Work to complete: Among the records below, which lines contain the string "travaux"? Report them.

(Extracted data entries)

◆ ◆ ◆ ◆ ◆ ◆ ◆

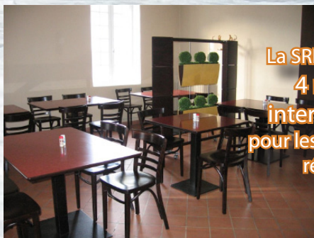
Le RIA d'Avignon après les travaux de rénovation effectués en 2010.

En 2015/2016, des travaux de rénovation, d'amélioration et de mise aux normes sont prévus dans trois des RIA de la région (Marseille, Toulon et Avignon).
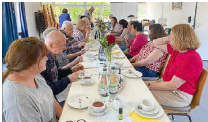
Der zweite Vortrag informierte am 2. Juni beim Seniorentreff Strinz-Margarethä in der Aubachhalle, über die Brandgefahren im Haushalt und das richtige Verhalten, sollte es doch mal brennen.

Im Rahmen der Brandschutzaufklärung der Feuerwehr Hohenstein konnten wieder zwei Veranstaltungen in unseren Ortsteilen durchgeführt werden. Bereits am 22. Mai waren wir mit dem neuen Vortrag „Stromausfall, und jetzt?“ bei dem Seniorentreff im Dorfgemeinschaftshaus in Hennethal zu Gast. Hier konnten sich die Teilnehmer darüber informieren wie man sich auf einen längeren Stromausfall vorbereiten kann und wie im Notfall Hilfe angefordert wird.
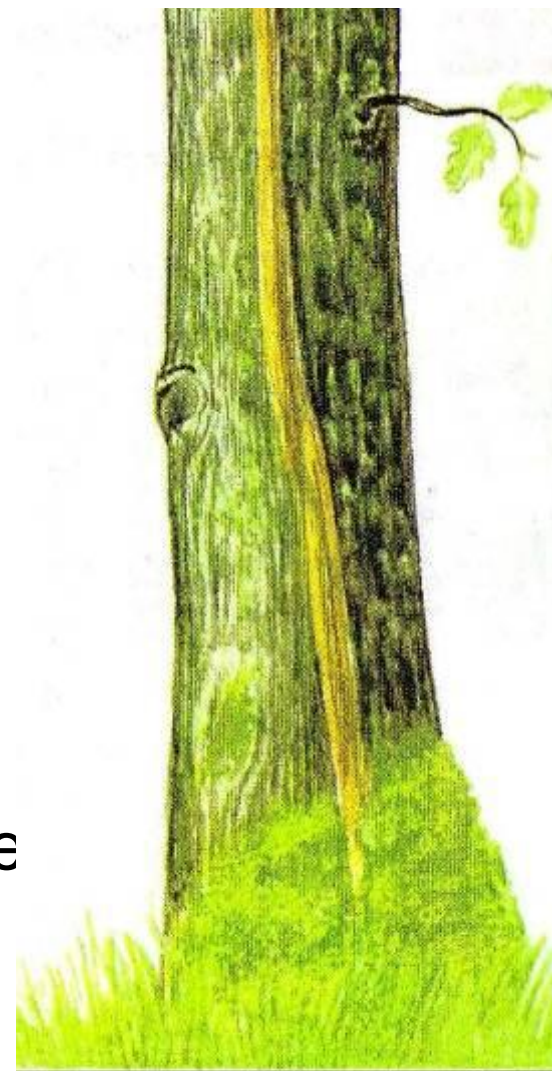
Рис. 20. Морозобойная трещина на стволе дуба

◆ ◆ ◆ ◆ ◆ ◆ ◆

Exercise answer:
Le RIA d'Avignon après les travaux de rénovation effectués en 2010.
En 2015/2016, des travaux de rénovation, d'amélioration et de mise aux normes sont prévus dans trois des RIA de la région (Marseille, Toulon et Avignon).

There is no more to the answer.